“I’m just a simple Scots country lad,” insists Sir Tom McKillop, the boss of AstraZeneca, Britain’s second-biggest pharmaceuticals company, sitting the pharmaceutical firm’s plush Mayfair office.
McKillop was seeking to play down the fact that, 10 days ago, he was named as Britain’s best-connected boardroom chief in The Times Power 100. Speaking exclusively to the Sunday Herald, McKillop dismisses the accolade as “a piece of nonsense”.
Born during a German air raid in Irvine, Ayrshire, in 1943, Tom McKillop was ranked ahead of business luminaries such as Sir Fred Goodwin of the Royal Bank of Scotland and Lord Dennis Stevenson of HBOS and Pearson.
So how did he rank so high? It probably boiled down to the fact that McKillop sits on the boards of three of the UK’s 10 largest companies — BP, AstraZeneca and Lloyds TSB.
But, as McKillop points out, he is soon to step down from his non-executive role with Lloyds, and only recently joined BP’s board. It was only by chance, he says, that the two non-executive roles overlapped.
McKillop says: “There’s huge value in people having a non-executive position on another company’s board. You do learn a lot and I hope you contribute too because, particularly when you come new into another company with fresh eyes, you ask different kinds of questions; you get a different perspective on things.”
McKillop studied chemistry at Glasgow University in the 1960s, and it was a chance meeting in the Rubaiyat pub on Glasgow’s Byres Road that opened the young McKillop’s eyes to the opportunities presented by the world of pharmaceuticals.
There he bumped into Peter Doyle, then a manager in ICI’s research department. Doyle had preceded McKillop by a couple of years at Glasgow University and had, like McKillop, done a PhD there.

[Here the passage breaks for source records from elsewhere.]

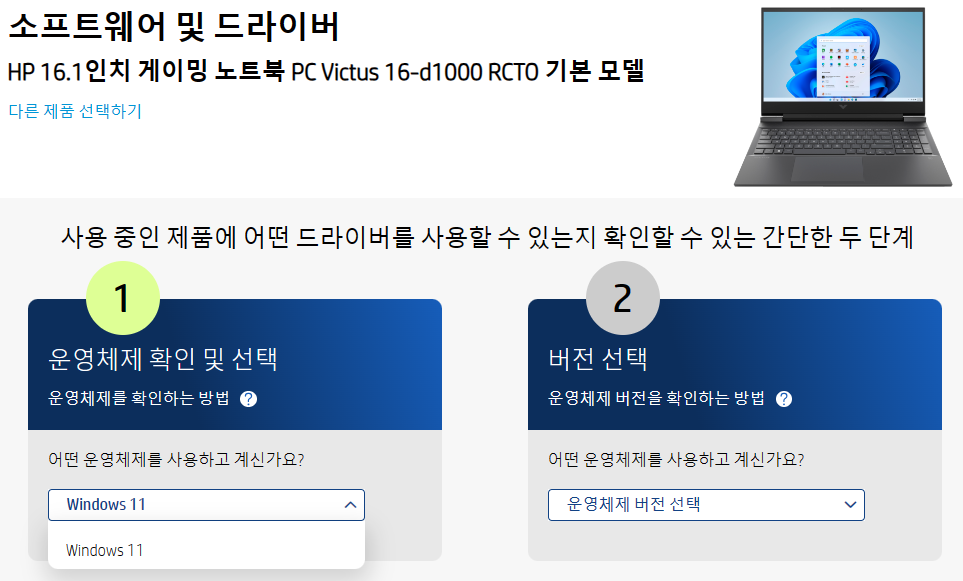 (저는 Victus 16-d1121TX모델이지만 HP 에서는 16-d 모델 전체를 하나로 보고 있기 때문입니다.)
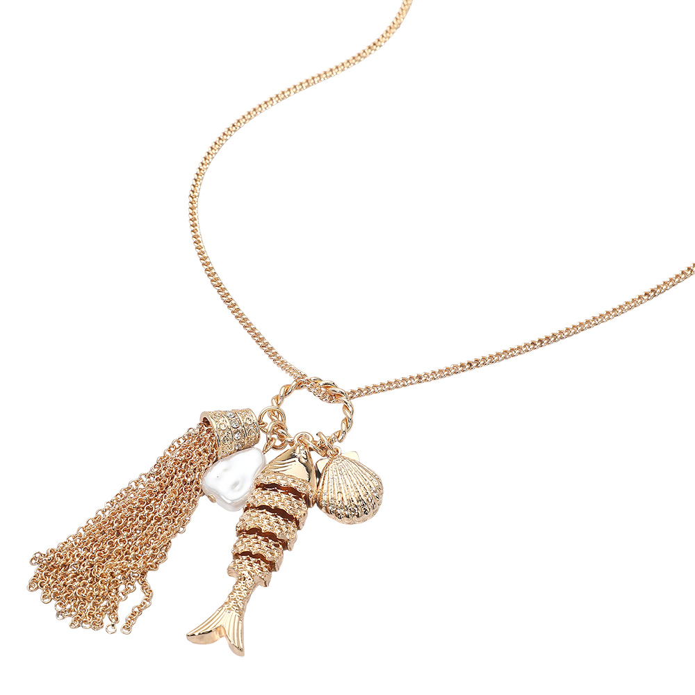 Details • Necklace Size : 23" + 3.25" L • Pendant Size : 3.25" L • This tassel charm pendant long chain necklace features a statement drop with layered charms and fluid fringe movement. Designed to elevate everyday outfits or boutique collections, it offers a bold yet elegant silhouette that works for gifting, seasonal styling, and trend-forward accessorizing. • Lead and Nickel Compliant
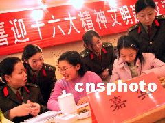 10月31日,濟(jì)南市槐蔭區(qū)部分先進(jìn)集體的優(yōu)秀青年代表匯聚在一起,舉行“喜迎十六大,精神文明建設(shè)交流會(huì)”。圖為會(huì)議結(jié)束后青年代表們?cè)诮徽劯惺。呂廷?攝

McKillop recalls: “It’s the pub that the chemistry department uses, and that’s where Peter said only a fool begins his career without considering the alternatives.”
McKillop — who was then pursuing his chemistry studies at the Centre de Mecanique Ondulatoire Appliquee (CMOA) in Paris, where he says he was exhilarated to experience the revolutionary fervour of 1968 at first hand — had secured a research fellowship and was signed up to pursue a career as an academic back at the University of Glasgow.
However, McKillop, who had not properly considered going into the private sector, was bowled over by a visit to the Imperial Chemical Industries laboratory in Runcorn, Cheshire. Without consulting his wife Elizabeth — who was awaiting him back in Paris —he changed his plans and accepted a job with ICI, then the bluest of Britain’s blue chips.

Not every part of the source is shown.